### Data for processing

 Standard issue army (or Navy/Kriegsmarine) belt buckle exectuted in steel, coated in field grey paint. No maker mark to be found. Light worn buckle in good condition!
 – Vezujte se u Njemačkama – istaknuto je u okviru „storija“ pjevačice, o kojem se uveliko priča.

######
### Data for processing

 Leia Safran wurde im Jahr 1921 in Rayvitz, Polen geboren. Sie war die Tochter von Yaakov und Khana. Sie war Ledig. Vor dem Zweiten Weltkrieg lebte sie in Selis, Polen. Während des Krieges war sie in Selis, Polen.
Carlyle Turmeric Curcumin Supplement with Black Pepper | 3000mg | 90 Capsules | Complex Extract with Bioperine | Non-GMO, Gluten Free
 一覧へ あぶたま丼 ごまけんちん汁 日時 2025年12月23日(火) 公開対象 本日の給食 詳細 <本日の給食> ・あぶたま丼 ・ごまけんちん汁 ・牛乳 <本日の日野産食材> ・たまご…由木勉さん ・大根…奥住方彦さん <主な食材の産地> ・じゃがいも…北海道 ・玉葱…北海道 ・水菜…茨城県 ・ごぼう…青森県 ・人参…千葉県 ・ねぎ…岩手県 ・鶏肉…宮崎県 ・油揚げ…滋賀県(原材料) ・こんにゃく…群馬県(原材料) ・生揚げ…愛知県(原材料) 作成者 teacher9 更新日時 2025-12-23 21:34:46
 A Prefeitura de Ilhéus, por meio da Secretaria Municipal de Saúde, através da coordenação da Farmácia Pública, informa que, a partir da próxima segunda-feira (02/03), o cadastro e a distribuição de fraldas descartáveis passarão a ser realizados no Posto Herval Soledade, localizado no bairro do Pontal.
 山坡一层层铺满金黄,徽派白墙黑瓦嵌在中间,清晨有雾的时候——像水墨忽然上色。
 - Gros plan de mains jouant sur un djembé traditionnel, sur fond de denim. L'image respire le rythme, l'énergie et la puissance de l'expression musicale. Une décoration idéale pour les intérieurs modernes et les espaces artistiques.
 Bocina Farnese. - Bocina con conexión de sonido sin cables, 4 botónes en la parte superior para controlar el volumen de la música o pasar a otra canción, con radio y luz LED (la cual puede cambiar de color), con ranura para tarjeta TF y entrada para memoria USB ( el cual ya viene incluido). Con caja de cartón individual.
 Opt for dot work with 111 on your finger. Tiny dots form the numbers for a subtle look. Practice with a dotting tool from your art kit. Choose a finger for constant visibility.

######

Aim of the exercise:
Take the line above containing "Standard issue army", the line containing "se uveliko priča.", and all lines in between, and copy them exactly without anything else.

Reply:
 Standard issue army (or Navy/Kriegsmarine) belt buckle exectuted in steel, coated in field grey paint. No maker mark to be found. Light worn buckle in good condition!
 – Vezujte se u Njemačkama – istaknuto je u okviru „storija“ pjevačice, o kojem se uveliko priča.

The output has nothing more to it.